Sky Canaves (14:47):

Yeah.

Sara Lebow (14:48):

Physically, that they don't necessarily have.

Sky Canaves (14:51):

Yeah, but when I was in Italy this summer, in Milan, one of the coffee capitals of the world, I could not get into the Starbucks Reserve store because the line was around the block, and they had security to keep people like me from just walking in and saying, "I just want to have a look around and not even buy anything because I'm just doing research." But that was really an eye-opening experience, that there still is that kind of interest and demand in the brand, and they really need to capitalize on it and leverage it to really position themselves as that premium coffee offering to differentiate themselves from all the other competition that is growing.

Sara Lebow (15:32):

Yeah, I don't know which one of you made this point, but I think that it was a really good point, that people are trading down to Chipotle, but there's not necessarily that consumer that's trading down to Starbucks.

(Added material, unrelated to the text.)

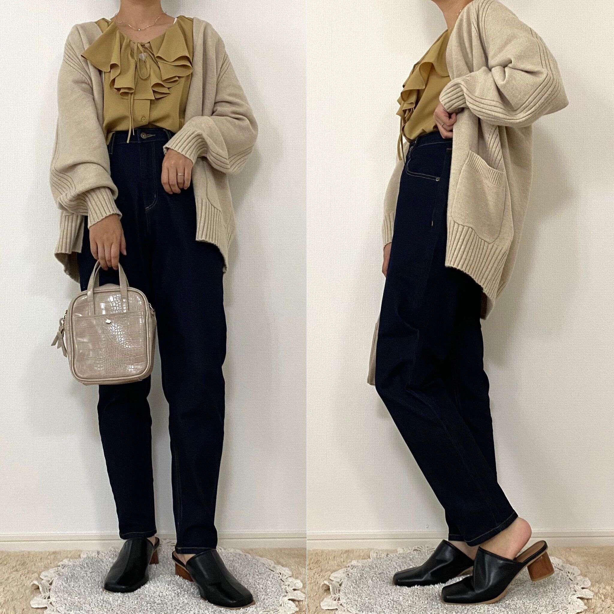 すっきりとしたシルエットのテーパードデニムと合わせるとカーデのゆるっとしたシルエットが際立ってとてもかわいいです。

It feels like it's a really good time to be a retailer to which people can trade down, but if you are already a premium retailer and no one can trade down to you, then you're going to have a little more trouble, except for with those ultra wealthy consumers that aren't as impacted by-

Suzy Davidkhanian (16:00):

That was Sky and it is a hundred percent. It's true. I also think the other added layer is the trade down, and also there's this movement to local. So if you are a super premium sort of national or global brand and there's a movement to more sustainable local, how do you manage that?

Sara Lebow (16:20):

Yeah, and that's something that's really important to Gen Z. Now, Gen Z is full of contradictions and they'll say they like local and buy from Shein, as many will. That's not Gen Z specific, but we know that Gen Z does like local. So if you are Starbucks, if one of your appeals has been being cool, being young, how do you keep that up? And that's also where there's the difficulty scaling, right? Because you can do what Barnes & Noble did and have all of your stores have their own individual local feel, but that's expensive and it's difficult to scale.

Sky Canaves (16:52):

And I think that's where the product innovation and the collaborations come in. So looking at the Chipotle app today, I saw a lot of featured meals with Olympians featured and young Olympians, of course. So it's really speaking to Gen Z and generating some more buzz and interest. And, as you mentioned before, Sara, Chipotle has been really innovative with its collaborations, working with brands like E.L.F. on cosmetics collaborations that really speak to Gen Z and their interests and their love of both Chipotle and complementary brands that are part of the Gen Z universe. And they would love to see that. We haven't seen Starbucks do as much on the collaborations front.

Suzy Davidkhanian (17:32):

And if you think about all of that sort of, and maybe one of the reasons why they picked Niccol, is because he's been really good at bringing people back in the different, whether it's Chipotle or Taco Bell, and it's that repeat visitor. It's an already acquired customer. So that's what he's leaned very heavily on. So to your points, if there's more experiences and it's more omni-channel, how do you drive people to the store and how do you get them to buy more in a nice, authentic way? He might really win and turn them around.

Sara Lebow (18:04):

I think that's a good note to end on. So thank you for being here, Sky.

Sky Canaves (18:09):

Thanks for having me again, Sara.

Sara Lebow (18:11):

Thank you, Suzy.

Sky Canaves (18:12):

Thanks.

Sara Lebow (18:12):

Thanks to our listeners and to Victoria, who edits the podcast and keeps things grande. We'll be back next Wednesday with another episode of Reimagining Retail, an EMARKETER podcast, and tomorrow join Marcus for another episode of the Behind the Numbers Daily.